The Marikana massacre and the regular slaying of protestors, the widespread corruption and abuse of state resources and censorship are what we knew and would have expected of the apartheid regime. To think that a mere 20 years into our democracy we have come to this, a society governed by a new tripartite alliance of inequality, corruption and anti-democracy. Little wonder then that unions are rebelling, that former stalwarts of the ruling party are distancing themselves from the current shadow of the party’s former self, that once-loyal voters are considering other options.

Yet, notwithstanding its uninspiring electoral lists and the population of these by people with the most dubious records, there are many good people who are members of the ANC (some of who recognised the need to offer alternatives to the current leadership at Mangaung), a party that can count among its ranks a greater critical mass of leaders who can govern at local, provincial and national levels than most, if not all the other parties. The ANC also has more experience of governing at all these levels than all other competing parties and, as the incumbent party in most cities, provinces and at national level, has ensured that there are many government officials loyal to the party.

The ANC may not be with us “until Jesus comes”, but it will wield significant political influence over our lives as citizens for the foreseeable future. Marikana, Nkandla and the Secrecy Act, while having their roots in previous ANC dispensations, have all reached maturity under the current ANC leadership. It is in our interests as citizens, and in the interests of our country, that the current leadership of the ANC be replaced by good people, or at least by people who are better than the current crop.

The most effective way to make this happen is for the ANC to lose significant support at the forthcoming elections. This will strengthen the hands of those within the ANC who seek to replace the current leadership and perhaps rediscover its moral compass and steer the party towards a path more consistent with its liberatory ideals.

I have great sympathy for those who actively decide to boycott the forthcoming election in protest at what our democracy has become, at the less-than-ideal options available at the polls, at not knowing who really owns our political parties because of their anonymous funding.

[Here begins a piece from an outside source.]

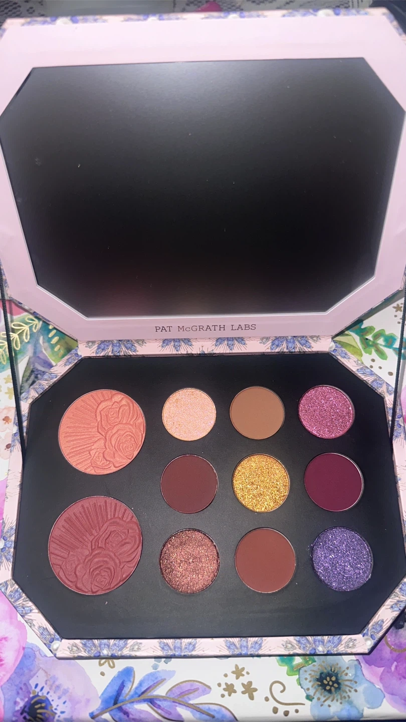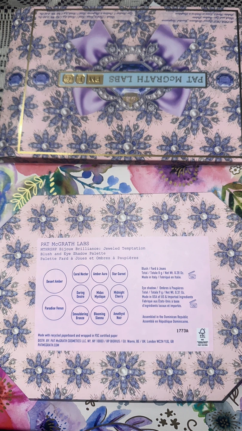 This is the Pat McGrath Labs Mothership Eyeshadow Palette in 'Jeweled Temptation'. It includes blush and eye shadow shades. Total weight is 0.28 oz for blush and 0.31 oz for eyeshadow.

But Marikana, Nkandla and the Secrecy Act will happen again if the current leadership of the ANC remains in power. Not voting in this election will not change that.

I have much less sympathy for those who intend to spoil their ballot in protest. If one wants to make a statement against the political status quo, it would be more effective to hold one’s nose and vote for any opposition party as this will help to create the total number of votes out of which parties will receive their proportion of parliamentary seats. Spoiling one’s ballot may allow for personal catharsis, but it will do nothing to reduce the number of seats of the ruling party or help to correct its current path.

So, do the right thing for our democracy, for our country and for the ANC. Vote for an opposition party.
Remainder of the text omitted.